Predicting angiosperm tree mortality based on embolism resistance, cambium vitality and intervessel pit membrane thickness

Abstract

Drought is one of the most challenging environmental factors inducing world-wide forest die-back and tree mortality. In this thesis, xylem embolism resistance (P50, i.e., the xylem water potential at 50% loss of hydraulic conductivity), cambium vitality and intervessel pit membrane thickness (TPM) was investigated to predict drought-induced lethal water potential in angiosperm tree species. A drought-rewatering experiment was conducted on five common European tree species, and lethal water potential was estimated based on the leaf photosynthetic recovery rate upon rewatering. Cambium ultrastructure during drought stress was visualized under light and transmission electron microscopy (TEM) in the root of C. avellana. Data on TPM and P50 was collected from a broad range of woody angiosperm species. Fresh samples directly fixed for TEM was investigated from 71 species while non-fresh samples were from an additional 60 species.
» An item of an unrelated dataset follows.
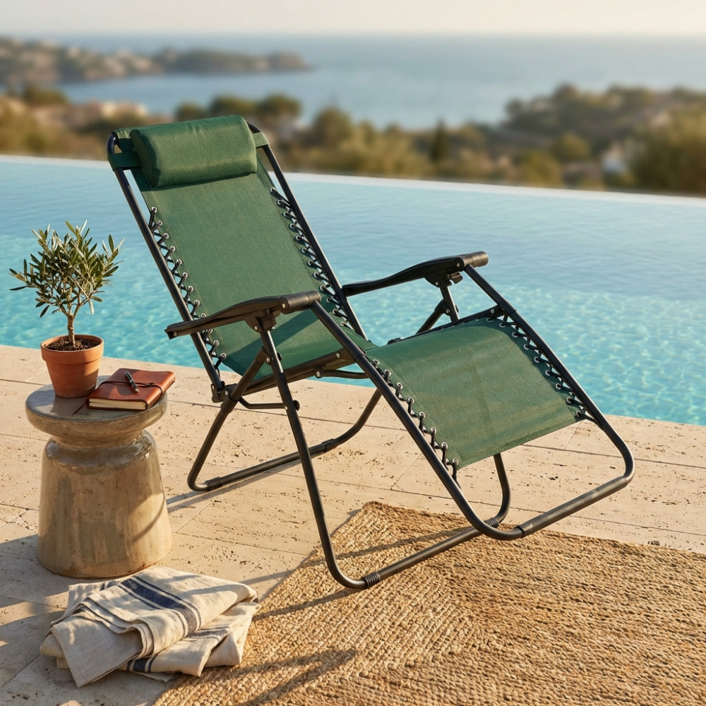 Dati Tecnici Disponibile BEIGE, BLU, AZZURRO, GRIGIO SCURO, NERO, o VERDE SCURO struttura in acciaio ANTRACITE Ø 22 x 1 mm, tessuto in textilene 2 x 1, portata max 110 kg. Dimensioni: cm 88 x 65 x 110 h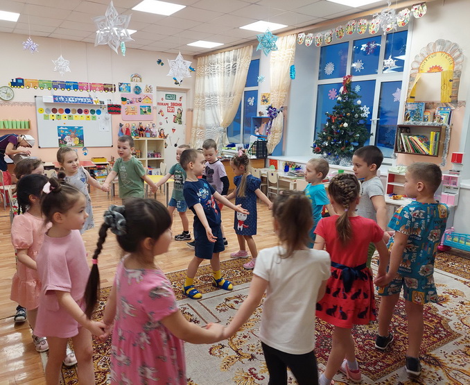 В январе люди с давних времён замечали природные явления, которые стали называть народными приметами, очень интересные приметы дети вспомнили и назвали. А ещё на Крещение в старину на Руси были народные гулянья, праздновали свадьбы и гадали. Вспомнив отрывок из произведения великого поэта «Раз в крещенский вечерок девушки гадали…» воспитатель предложила поиграть в народные игры и гадания. Девочки с энтузиазмом кидали за спину башмачок, затем ребята поиграли в игры: «Найди пару» и «Прялица».

The lethal water potential of studied five species correlated with stem P99 (i.e., the xylem water potential at 99% loss of hydraulic conductivity, PLC). However, several plants that were drought-stressed beyond water potential at 100% PLC showed complete recovery, suggesting that the lethal water potential might be underestimated. C. avellana seedlings that were moderately water-stressed with water potential less negative than P50 (-2.0 MPa), showed intact cambial cells. In contrast, in severely drought-stressed seedlings with water potential more negative than P50, the cell membranes of cambial fusiform cells were detached from the cell wall, with shrunken and/or damaged cytoplasm. However, ray cambial cells remained alive for a longer period than fusiform cells. Death of cambial fusiform cells corresponded to more or less the lethal water potential of C. avellana, suggesting that drought-induced mortality of this species is closely associated with cambial death. A strong relationship betweenP50 and TPM was found on fresh material (r = 0.78, P < 0.01, n = 37), demonstrating that TPM measured on fresh samples provides one of the strongest wood anatomical correlates of drought-induced embolism in angiosperm.